A região Nordeste foi a que mais ofereceu denúncias ao serviço do Disque 100 no ano passado, seguida 
pela região Sudeste. Natal (RN) registrou o maior número de denúncias entre as capitais por número de habitantes (66,93 por 100 mil), seguida de perto por Porto Velho (RO), com 64 denúncias para cada 100 mil moradores. No caso de denúncias de violência sexual, Porto Velho liderou o ranking de registros com 24,38 denúncias por 100 mil habitantes, seguida de Natal com 23,76. “Isso não necessariamente 
significa que essas cidades têm mais casos de violência sexual, e sim que as pessoas estão mais envolvidas na proteção de crianças e adolescentes”, destaca Pinheiro.

Segundo ele, “quando aumenta o número de denúncia num determinado local, pode ser sinal de que uma rede de proteção esteja se estabelecendo e se fortificando no local. Ou que a violência esteja muito visível à população”, pontua. Pinheiro destaca que em regiões como o Centro-Oeste a exploração sexual de menores por garimpeiros e pescadores não fica escancarada à população e, por essa razão, as denúncias são menores.


Como faço para denunciar?

Para denunciar é simples. Basta ligar para o número 100 gratuitamente e registrar o acontecimento. O serviço funciona 24 horas, inclusive aos finais de semana e feriados. As denúncias também podem ser feitas pelo site www.disque100.gov.br ou pelo endereço eletrônico disquedenuncia@sedh.gov.br e, em todos os casos, podem ser anônimas. O importante, segundo Pinheiro, é fornecer o máximo de informação possível para que as autoridades possam chegar até a criança e/ou adolescente violentado.

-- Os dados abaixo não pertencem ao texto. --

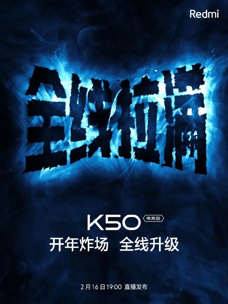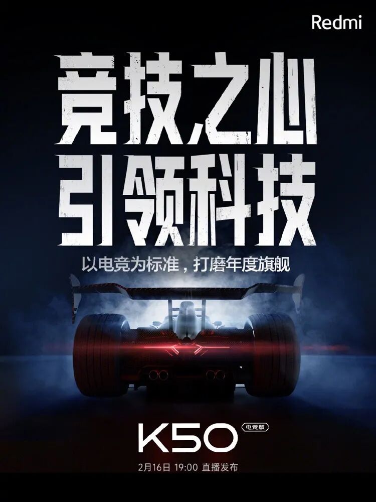今天,曝光已久的Redmi K50系列新机正式确认了发布日期。按照Redmi红米手机官方公布的信息,开年大作K50电竞版将于2月16日正式对外发布。
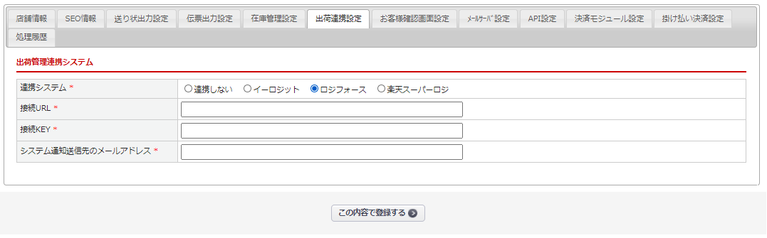 | 連携システム | ”ロジフォース”を選択します。 |
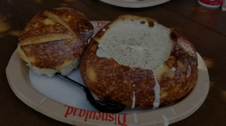 I got one thing here, and it was amazing--the perfect treat for chocolate lovers! Among Disneyland's many sweets, this warm, thick, gooey chocolate chip cookie WINS. It's like a reward after 20,000 steps in the park! Paired with a school carton of milk, it's a chocolate chip lover's dream.While waiting, we saw plenty of people leaving with fresh bread bowls--soft, golden, and definitely on my list for next time!
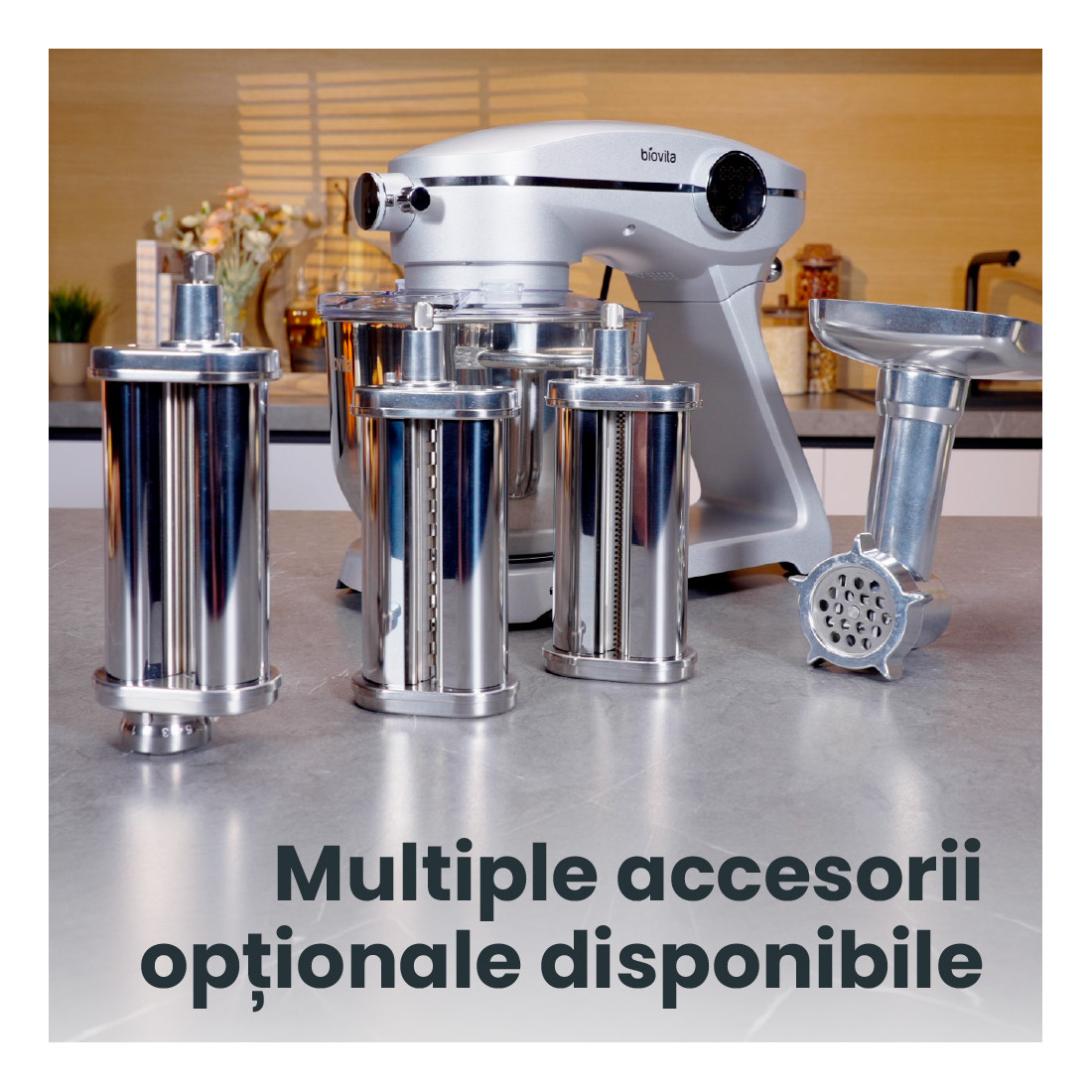 Mixerul cu bol este compatibil cu o gamă variată de accesorii opționale, disponibile separat, care extind funcționalitatea aparatului. Printre acestea se numără accesoriul pentru foi de aluat, accesoriul pentru tagliatelle, accesoriul pentru spaghete, accesoriul pentru tocat carne, precum și accesoriul pentru răzuit și feliat legume. Aceste accesorii nu sunt incluse în prețul mixerului și pot fi achiziționate separat, în funcție de nevoile fiecărui utilizator.
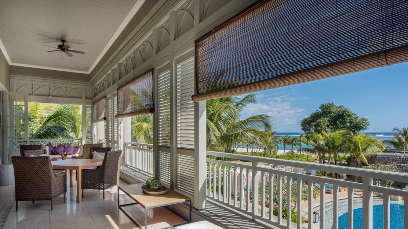 Рассчитан для максимум 3 гостей. Возможны 2 детские кроватки. - Le Morne Balcony Suite — роскошные люксы площадью 150 кв.м, с видом на океан, состоящие из спальни с кроватью King-size, отдельной просторной гостиной комнаты с диваном-кроватью, рабочей зоны с письменным столом, гардеробной, отделанной мрамором большой ванной комнаты с гидромассажной ванной, отдельной душевой кабиной и двумя раковинами, хаммама, большого частного меблированного балкона.
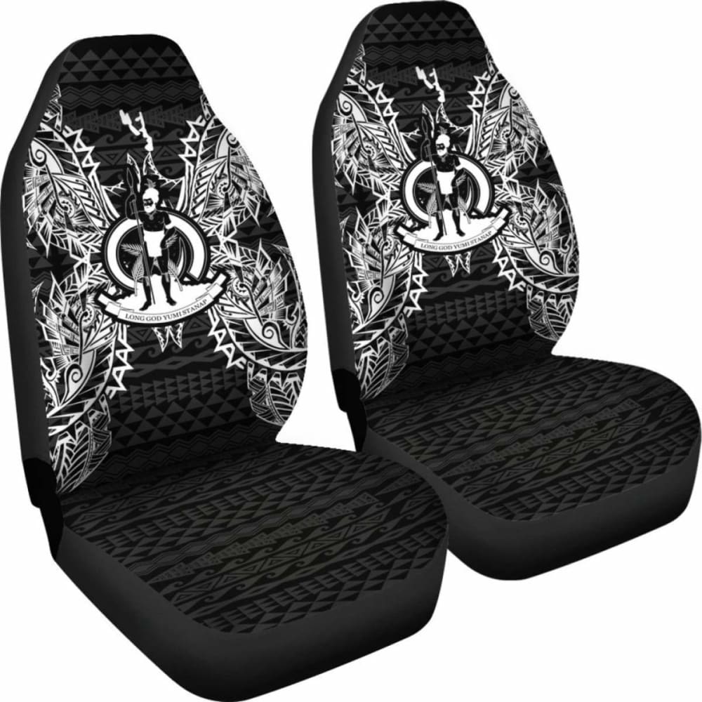 Vanuatu Car Seat Cover - Vanuatu Coat Of Arms Map Black - 105905
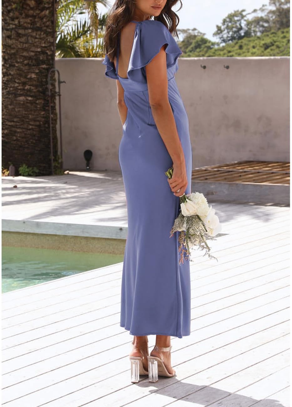 Satin V Neck Flutter Sleeve Backless Formal Wedding Guest Dresses for Women
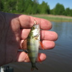 Ищу окуня и не могу найти, меняю приманки… Наконец возле камыша еле заметный тук на нарезь с Юмовской съедобки, потом второй тук. Потом упорного выдрачивания наконец ловлю микро окушка – так дело не пойдёт... Беру другой спин, на котором со вчерашнего дня стоит бомбарда и решаю парой забросов проверить краснопёрку и тут понеслось – поклёвки на каждом забросе.
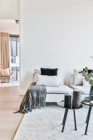 Comfortable soft sofa and chair with cushions and plaid placed near wall in modern living room with carpet and decorative items on small tables styled in white and gray colors
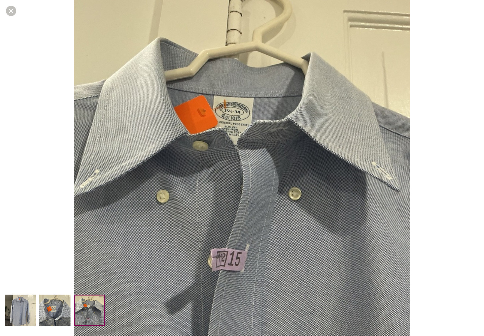 как выглядит Brooks Brothers Slim Fit Mens Non Iron Blue Supima Cotton Oxford 15.5-34 фото
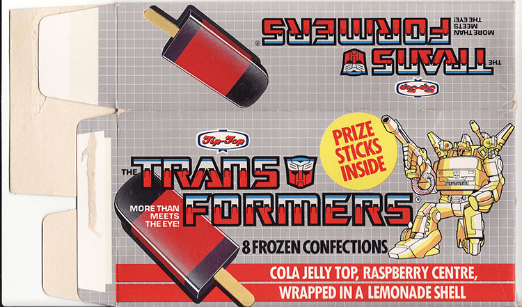 1985 Tip-Top Transformers Ice Block Box. “I lived on Transformers Ice Blocks and Snacks in the mid 1980s, great memories.”

O que acontece depois que denuncio?

Depois que o Disque 100 recebe a denúncia, ela é encaminhada a uma equipe capacitada para fazer a sua classificação. Geralmente o Conselho Tutelar do município onde está a vítima é comunicado, assim como o Ministério Público do estado, que tem o papel de informar a Secretaria dos Direitos Humanos das conseqüências da denúncia. Quando a denúncia é feita no ato da violência, as autoridades são 
acionadas imediatamente. “O foco é na proteção, precisamos nos responsabilizar para que esse menor não seja violentado novamente”, explica Pinheiro. “Violência sexual é crime. Então sempre que tiver conhecimento, tem que denunciar. Sem denúncia, nada acontece, e as redes de proteção não podem ser acionadas”.